若手社員に脅威を感じる瞬間
先日、各世代の労働観を比較しながら書いたが、どちらかというと世代が上の人間の視点に近く、「若者はまだまだ未熟だな」というニュアンスがあった。
これだけだとフェアではないので、今回は少し目線を変えて、下の世代の視点からサバイバル方法について考えてみたい。
圧倒的な手数の多さでぶち抜く
若者の特権はフィジカルの強さである。10代、20代の体力は今思い返すと無限の可能性を秘めていた。
入社して最初の新人研修の時、明日はいよいよ全国に旅立つという最終日には、仲間とオールでカラオケをして、その翌日ほとんど寝ないまま颯爽と全国に旅立った。
あんな芸当、今ではとてもじゃないが無理だ。
手数の多さというのは「1年間で1000回アクションする」タイプと、「1日で100回アクションする」タイプがある。
若者に許された特権は、後者のような短期集中型の手数の多さである。物を知らないので躊躇がなく、体力に任せて狂った量のPDCAを回すことができる。
これこそが年長世代を圧倒する若者の強さだ。
就活生のよくある質問で「今のうちにやっておいたほうがよいことはなんですか?」というものがある。私からの答えは「やりたいと思ったことを馬鹿げた量やれ」である。
生産性が高い・低いはこの際関係ない。圧倒的な量こそが若者の優位性である。
同時に詰め込んだことによる化学反応
生保業界は、最初は生命保険だけ売ればよかったのが、損保との提携が始まり、銀行窓販をはじめとする代理店販売が盛り上がり、外貨建保険も取り扱うようになった。
入社直後はその中の役割の一つを担うことになるが、合わないと判断されれば所属組織の判断で別の役割を振り直すこともできる。
業務の多様化と膨大化は、一つの組織でできる役割換えの裁量を大きく増やした。
これにより、「50種類ある仕事の中から、自分に適性のある5種類の役割を担う」タイプの人材が生まれるようになった。

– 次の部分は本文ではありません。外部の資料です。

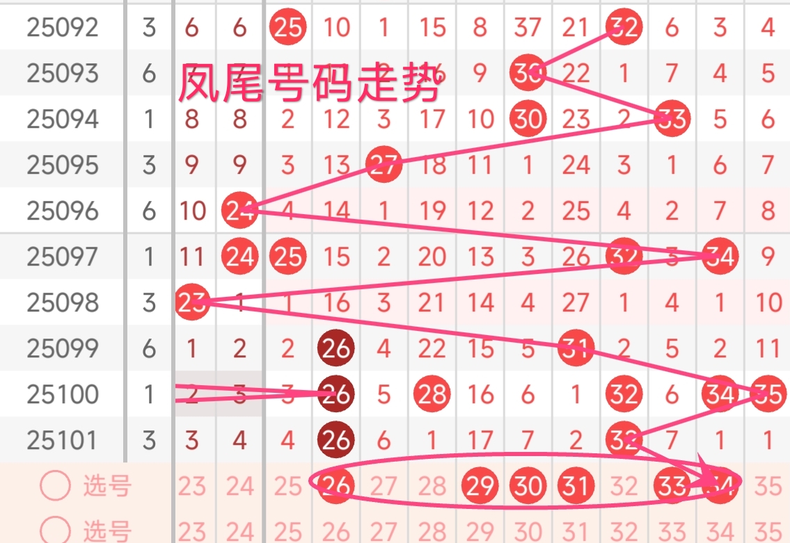 红球三区推荐(25~35):上期红三区开出2枚号码,号码为26、32,本期红三区建议出号1-2枚,本期红三区推荐关注号26、29、31、33、34。

この「完成度の高いマルチロール」こそが後の時代に生まれた人間の生きる道だ。
もともと1種類しかなかった役割が時代の変化とともに徐々に増えて5種類の役割を担うようになった人間と、最初から5種類の役割を担うことを期待された人間では入りの体験価値が全く違う。
最初から世界を目指してサッカーをする人間と、国内で頂点を取れればいいやと思っている人間では練習の姿勢が異なるのと同じ話である。

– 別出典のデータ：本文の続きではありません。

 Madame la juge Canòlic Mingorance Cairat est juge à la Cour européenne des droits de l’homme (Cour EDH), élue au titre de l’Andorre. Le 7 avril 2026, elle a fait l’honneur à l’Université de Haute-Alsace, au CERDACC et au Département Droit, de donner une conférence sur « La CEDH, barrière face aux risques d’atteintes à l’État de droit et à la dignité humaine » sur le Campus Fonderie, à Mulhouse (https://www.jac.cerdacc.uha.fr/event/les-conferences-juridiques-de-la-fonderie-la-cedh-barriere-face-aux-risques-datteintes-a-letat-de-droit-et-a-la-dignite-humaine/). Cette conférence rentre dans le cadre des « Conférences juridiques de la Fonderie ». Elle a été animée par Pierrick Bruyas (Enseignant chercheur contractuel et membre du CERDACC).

周りの教育のやり方も、本人の心構えも変わる。その結果、ベテラン層よりも洗練されたマルチロールプレイヤーが生まれてくる。
逆にいうと、自分の役割を狭く限定して、量も追い求めない若手には全く脅威を感じない。「狭く掘り下げるなら狂った量をやれ」だし、「平均点しか取れないなら手広くこなせ」である。
残念ながら、若者の特権を自ら放棄するような人間は大人に都合よく使われるだけだ。
私の実体験の話
最後に、私が驚きとポテンシャルを感じた若手社員のエピソードを添えて締めくくりたいと思う。
とあるツールを業務に取り入れようと検討していた時のこと。使い方を理解するためにマニュアルを読み込んで触ってみるが、四苦八苦してなかなか進展がなかった。
すると、ある若手の子が私たちの苦戦していた操作を難なくやってのけた。私は驚いてどうやって学んだのか尋ねると、その子はこう言った。
「英語版の解説動画をYouTubeで見たんです。言葉は理解できませんでしたが、動画を見たら操作方法はすぐ真似することができました」
まさに動画時代の申し子の面目躍如である。
ちなみに、「デジタルネイティブ」というのはあまり良くない言葉だと思っていて、若者が「デジタルサービスを遊んでいる自分達は今のままでも優位性があるんだ」という錯覚を起こさせてしまう。
デジタルサービスなんて大人だって当然に研究している訳で、本当の武器になるのはこの事例のように独自の体験価値をビジネス価値に変換していくことである。
若手の皆さんは安易なバズワードに踊らされることなく、人と異なる体験を蓄積して、社会に還元していってほしい。